Me levanto con una resaca tremenda y miro todos los suplementos culturales de España. Estoy nervioso. Inseguro. Deseoso de encontrar ya las primeras reseñas de la novela. En la Opinión publican la crítica de Leo y la de Rubén Castillo. Son elogiosas. Y aunque en cierto modo lo esperaba, me alegran la mañana. A las once, con una resaca de mil demonios, pasan a recogerme Francisco y Sebastián. Hemos quedado para ver el clásico, que aquí es a las doce. Yo no estoy en mis mejores condiciones. Y sólo cuando llega la pizza, después de dos Gatorades, comienzo a poder fijar la vista en la pantalla.

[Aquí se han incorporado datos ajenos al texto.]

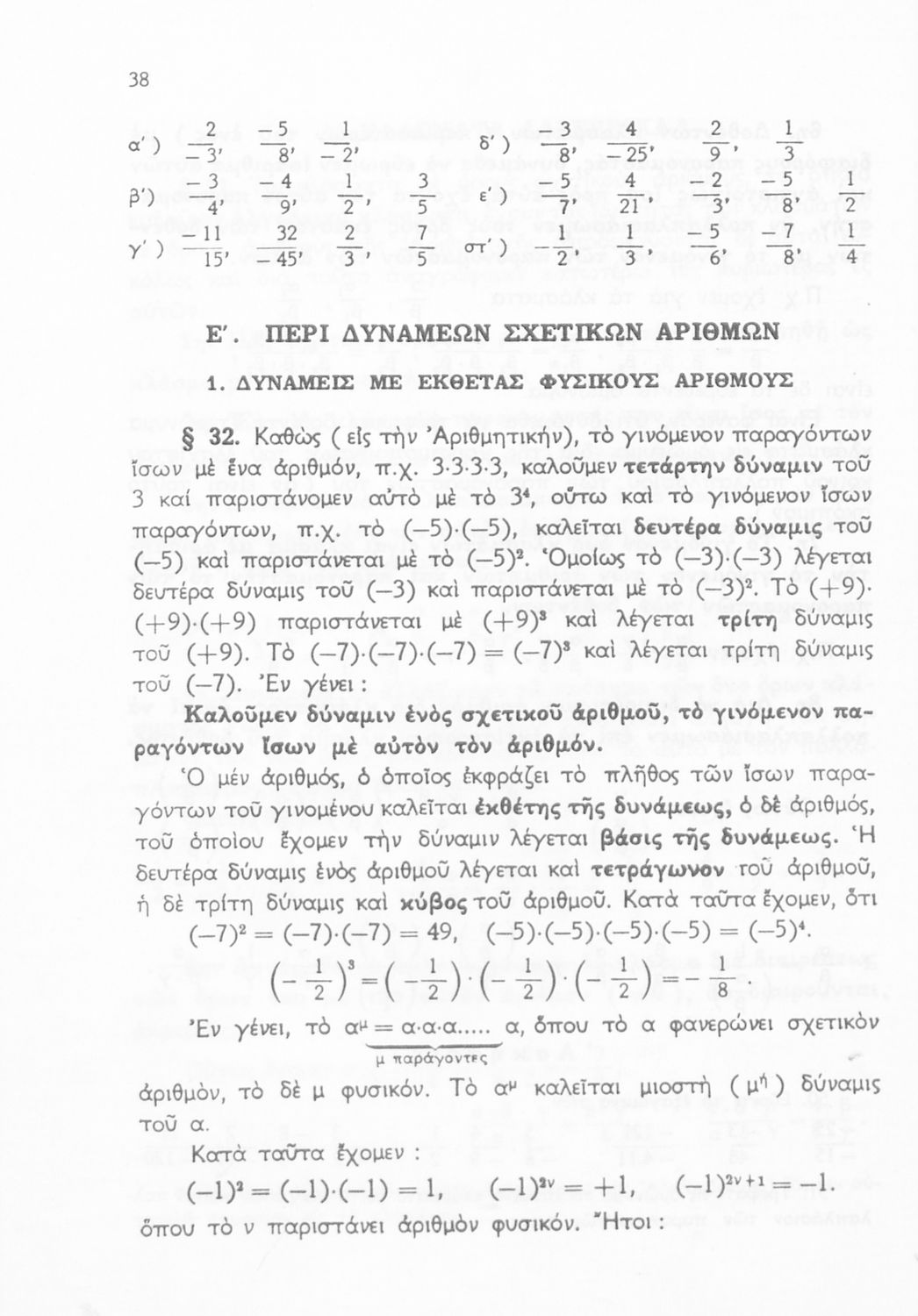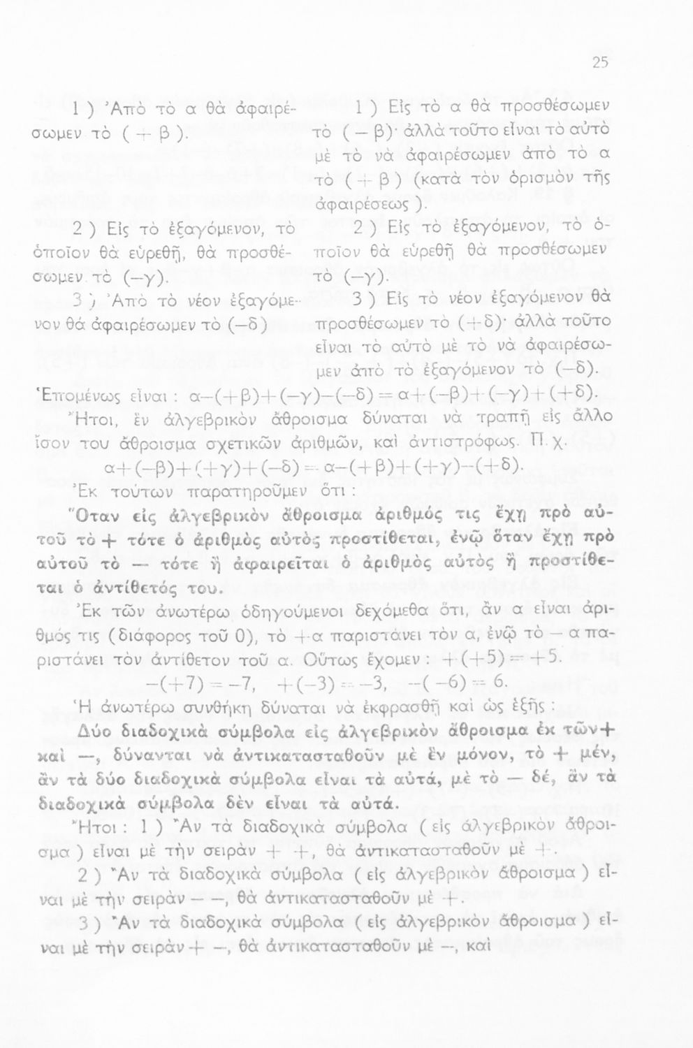 Σχολικό εγχειρίδιο Άλγεβρας Δ΄ Γυμνασίου που εστιάζει στις ιδιότητες των αριθμών, στις εξισώσεις, στους λογάριθμους και στις παραγώγους. Ο συγγραφέας ήταν καθηγητής στο Πανεπιστήμιο. Φέρει το σύμβολο της ...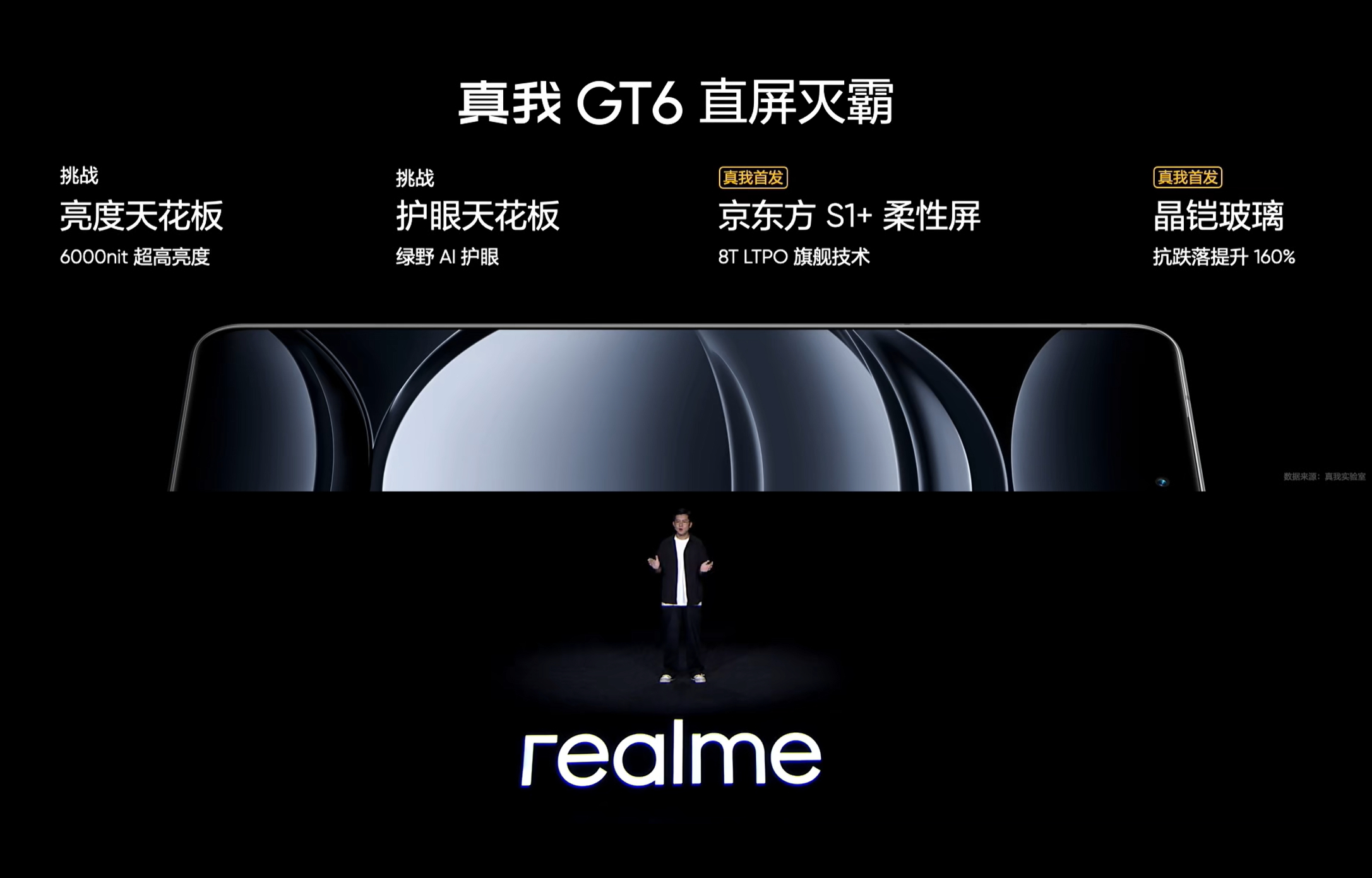 相比于上一代GT5,真我GT6可以说是全方位升级了,不仅换上了骁龙8 Gen3处理器,在屏幕方面还首发采用京东方S1+电竞直屏,支持8T LTPO自适应高刷和6000nit超高亮度,这屏幕拿来玩游戏简直不要太爽了。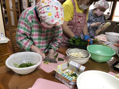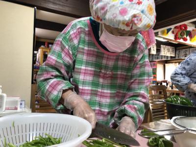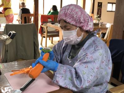 身支度を整え、手際良く野菜のカットや下ごしらえを行って下さる皆さんです!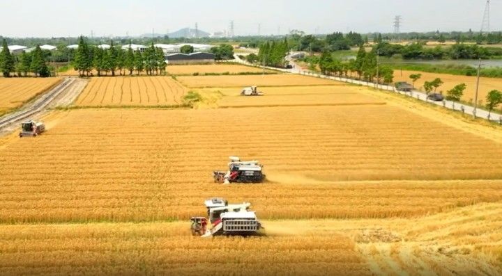 走进南浔星光农业旧馆高品质粮油未来农场,它以“科技强农”“机械强农”为主要特征。1万亩的农田有130多台机械储备运作,几乎覆盖了从生产、加工和生态循环利用的每一个环节。目前我国主要农作物耕种收综合机械化率超72%,水稻、玉米耕种收综合机械化率超80%,而星光农场的水稻生产加工实现了95%以上的机械化。
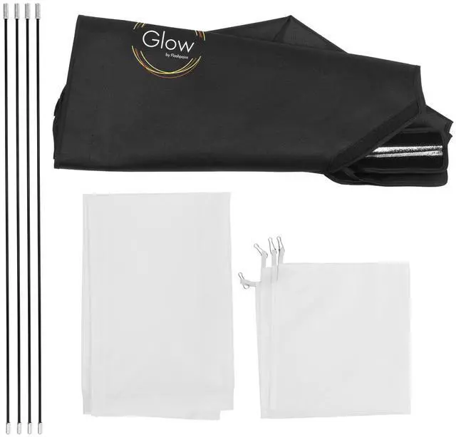The critical ingredients in any softbox are the internal reflective fabric, the front diffuser/baffle and the shape of the box. Every Glow product features removable double diffusers. Light spread is extremely even, pleasing and contrast balanced. Reinforced support rod pocket, seams and Velcro closures make assembly and setup trouble-free. A Glow Speed Ring to match your flash head mount must be purchased in order to use this product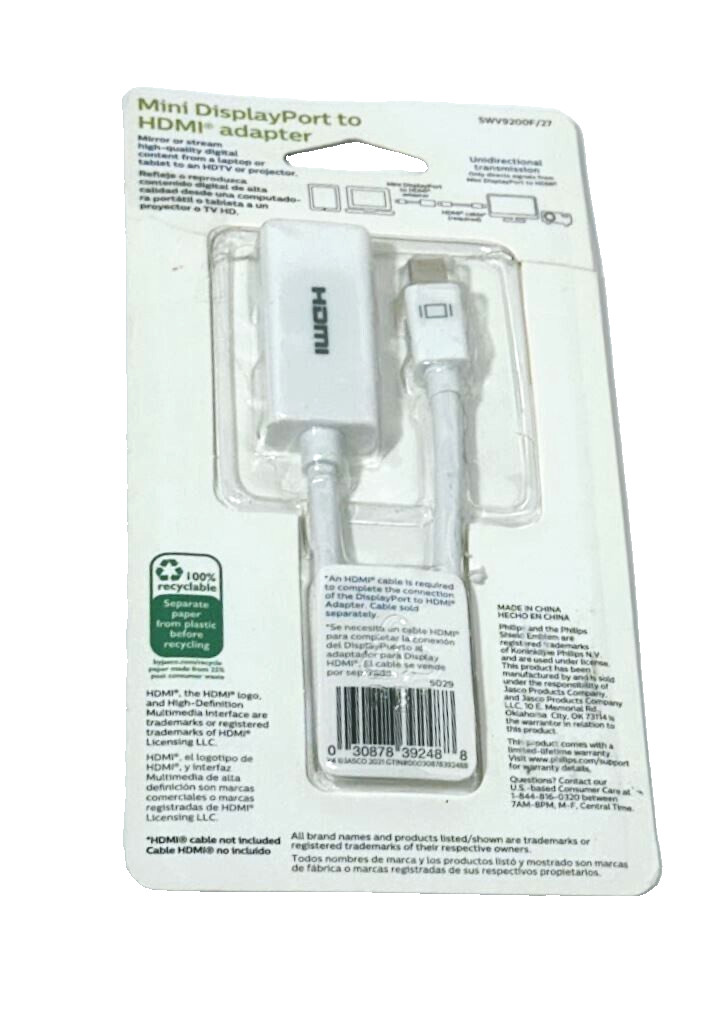 Mini Display Port to HDMI Adapter Philips-Cable/Cord Length: 6 Distressed Box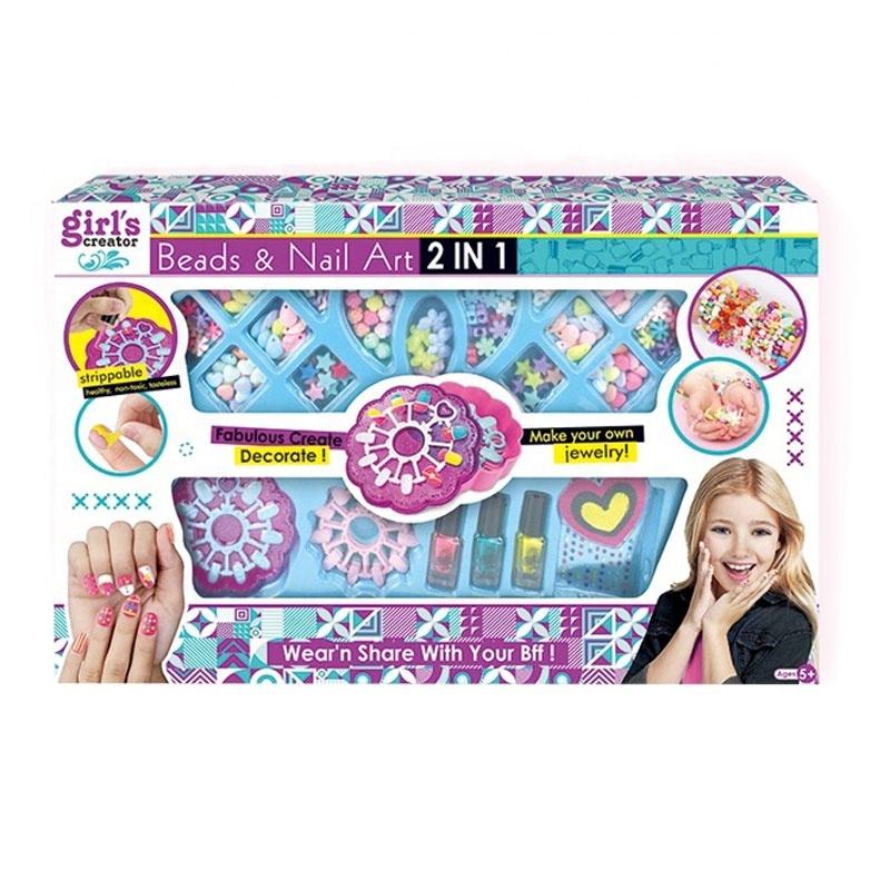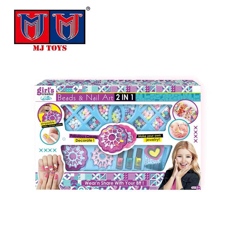 Hot Selling Girl Role Kids Pretend Play Toys for Beauty Tool Set with 2 in 1 Diy Plastic Beeads and Nails Art Toys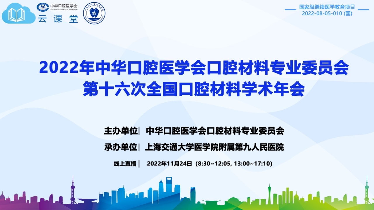 为分享口腔材料最新科研成果、促进学术交流,11月24日,第十六次全国口腔材料学术年会以线上形式召开。本次会议由中华口腔医学会口腔材料专业委员会主办,上海交通大学医学院附属第九人民医院承办,主题为“口腔修复材料的临床与基础研究”。我院2020级研究生张然受邀参会并作口头交流。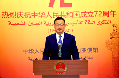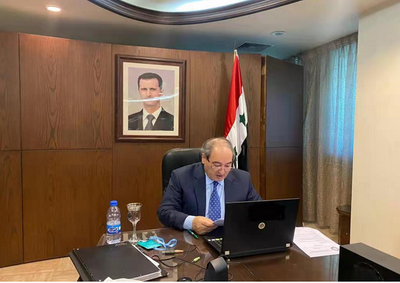2021年9月19日,驻叙利亚大使冯飚在驻叙使馆举办线上招待会,庆祝中华人民共和国成立72周年。叙利亚外长米格达德视频出席并发表致辞。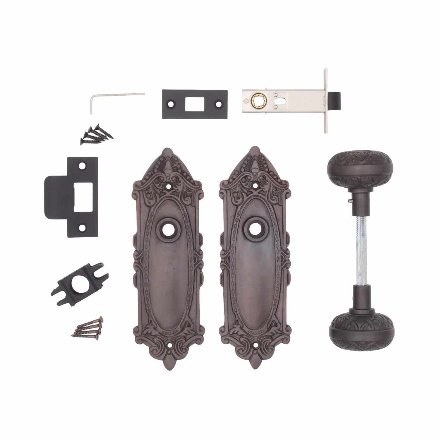 All PASSAGE Sets Come With: 2 Knobs, 2 Back Plates, Spindle, and Passage Latch.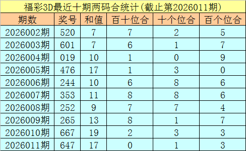 福彩3D第2026012期两位合分析: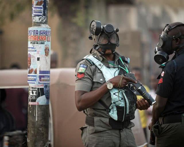 ▲非洲黑叔叔把防毒面具當成了頭盔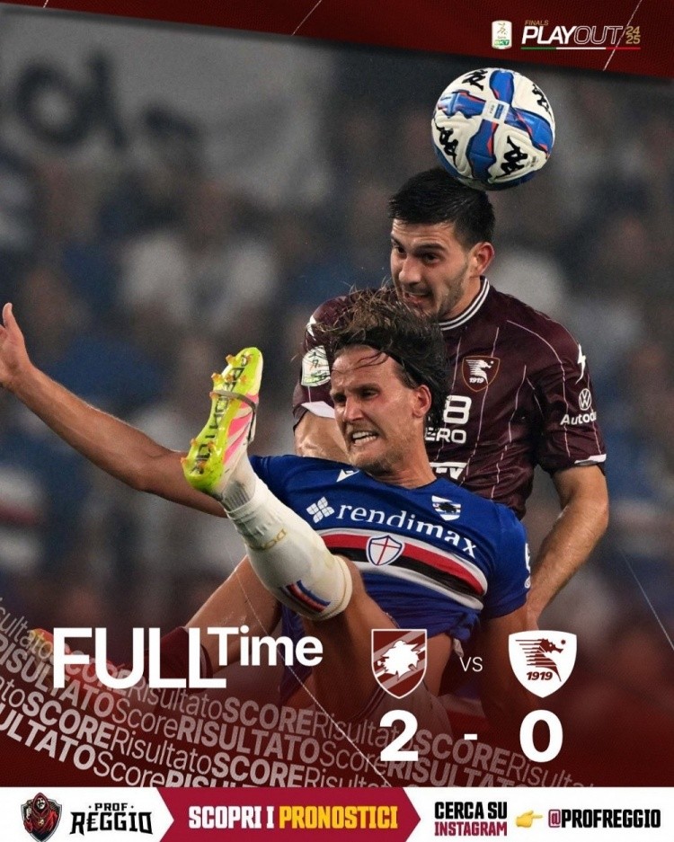 官网公告如下:“萨勒尼塔纳俱乐部宣布,因为球队21名成员包括球员和工作人员遭遇严重的食物中毒,今天的训练取消。此次事件发生在昨天对阵桑普的意乙保级附加赛首回合之后,球队从热那亚返回途中多人身体突然不适,医疗团队出动救护车救治,随后他们被送入医院治疗。”

Ya es demasiado tarde. La debacle en el Bernabéu ha tenido lugar. Lo que se ve es bochonorso. Francisco viste orgulloso la camiseta del Barça. A mí ni siquiera me afecta la derrota.

Continuamos bebiendo y hablando de literatura mientras en la tele ponen otro clásico, Juventus-Milan. Ese fondo de pantalla tiene un tinte nostálgico. Me recuerda a los noventa, cuando Il calcio era la mejor liga del mundo y yo era un adolescente.

A media tarde he resucitado del todo. Y continúo con Francisco, primero en el Westy’s, donde seguimos bebiendo cervezas, y luego en una hamburguesería en el Downtown. Demasiada vida insana para un día. Pero la conversación no puede ser más agradable. Siento que he encontrado compañeros de intereses.

El domingo lo paso encerrado en casa revisando de la traducción al inglés de Intento de escapada. Me fascina leerme desde fuera. Incluso subrayo frases del libro como si hubieran escrito por otro.

El lunes me despierto y todo está nevado. Llego a Society y desde mi despacho observo el paisaje. Me quedo hipnotizado frente a la ventana. Después de comer, tomo un café con Valeria. Le digo que se parece a Anna, uno de los personajes de la novela, sobre todo en el modo en que se pinta los ojos. Es todo muy extraño. La ficción se abalanza sobre la realidad.

Por la noche, y hasta la madrugada del día siguiente, escribo el epílogo de Presente continuo. Describo el viaje al muro que protagoniza la novela. Me posee la voz. La segunda persona y la frase corta. Vuelvo a revivirlo todo. Es una performance. Una actuación. Como meterse dentro de un personaje. Tengo que hacer verdaderos esfuerzos para escapar de ese personaje y quitármelo de encima ahora, cuando escribo este diario y siento que esa voz me habla desde un yo del pasado.

Una crítica mala me amarga la mañana. Me da justo en el punto de flotación. Estoy inseguro. Mucho más que de costumbre. Será eso de estar lejos.

La universidad comienza a estar vacía. El martes apenas hay nadie. Parece un desierto. En el comedor coincido con un alemán que conocí en septiembre. Viene con un militar que dice que la III Guerra mundial está a punto de comenzar. No puedo parar de mirar noticias. Se me mete el miedo en el cuerpo. Me lo quita un pequeño muñeco de nieve que se resiste a desparecer en una esquina del campus.


El miércoles por la tarde hacemos la compras para la cena de Thanksgiving. Maria y Joe van a cocinar y saben lo que hay que comprar. Yo llevo el carrito detrás de ellos y me siento inútil. No tengo ni idea de lo que hablan. El vocabulario culinario no es lo mío. Compramos comida como si estuviéramos esperando una guerra nuclear. Y bebida, como si nos preparásemos para el fin del mundo. Es Acción de gracias, qué esperabas, dice Joe. Es verdad. Qué esperaba. Mañana, una vez más, todo será como en las películas.